Principal Investigator: Dr Lindsay Sausville (Gordon)
Case Western Reserve University, Cleveland, United StatesTags: 29148, cancer, environment, genetics, prostate, Risk
Prostate cancer (PrCa) has high genetic susceptibility. Despite the success of GWAS in identifying PrCa susceptibility loci, much of the genetic susceptibility to PrCa is still unexplained in European-descent populations, and susceptibility in diverse populations is even more poorly understood.
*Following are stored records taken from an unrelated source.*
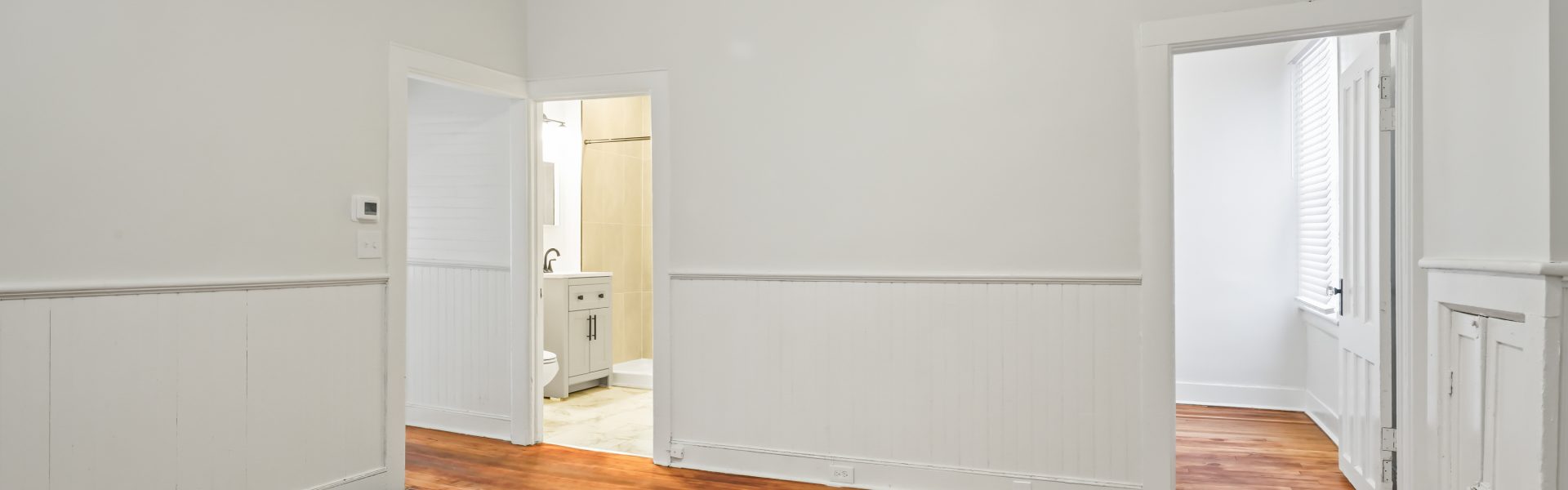 Stylish 2 bed/1 bath 2nd floor unit featuring a full tub/shower and updated stainless steel appliances. The elegance of the cabinetry beautifully contrasts with white walls, complemented by generous natural lighting streaming through ample windows.
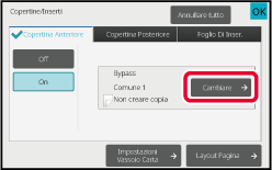 Toccare il tasto [Copertina Anteriore], quindi toccare il tasto [On].
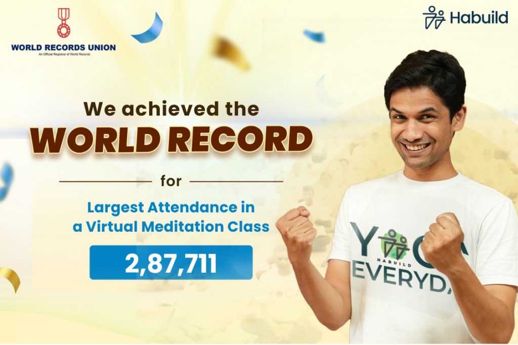 The record for the largest attendance in a virtual meditation class is 287,711 achieved by Habuild on December 21, 2024. The class was conducted virtually on the YouTube channel Saurabh Bothra.

Here we propose to evaluate the association of genetic variants with PrCa in men from the UK Biobank. These results will be combined with prior results from other PrCa studies in European-descent populations to potentially identify new PrCa susceptibility loci. Moreover, the UK Biobank summary results will be analyzed jointly with studies containing diverse populations to detect PrCa risk loci important in these groups. Broadly, the above analyses will allow for better understanding of genetic susceptibility to prostate cancer, while also addressing potential commonalities and differences in PrCa genetic risk among different ethnicities.
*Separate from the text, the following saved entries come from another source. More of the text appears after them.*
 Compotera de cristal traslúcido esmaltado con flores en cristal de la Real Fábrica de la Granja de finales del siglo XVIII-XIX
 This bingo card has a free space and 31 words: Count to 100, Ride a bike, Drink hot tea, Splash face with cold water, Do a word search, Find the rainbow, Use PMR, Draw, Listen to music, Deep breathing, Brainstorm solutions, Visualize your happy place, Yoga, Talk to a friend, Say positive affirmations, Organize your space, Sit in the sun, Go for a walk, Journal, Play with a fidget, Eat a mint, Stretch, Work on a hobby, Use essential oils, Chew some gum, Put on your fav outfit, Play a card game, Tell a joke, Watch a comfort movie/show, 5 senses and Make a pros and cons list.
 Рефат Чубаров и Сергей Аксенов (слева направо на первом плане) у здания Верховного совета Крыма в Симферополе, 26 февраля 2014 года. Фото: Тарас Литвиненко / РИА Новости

While genetics strongly impact PrCa susceptibility, family history (FH) of disease does not accurately predict which men will develop disease, indicating FH is a poor indicator of genetic risk. Here we will use known PrCa loci to derive a cumulative measure of genetic risk known as a polygenic risk score (PRS), and we will investigate whether PRS identifies men with high genetic risk of PrCa. Identification of such men may potentially inform clinical decisions such as increasing the frequency of prostate-specific antigen (PSA) screening.
These analyses will take approximately 12 months to complete.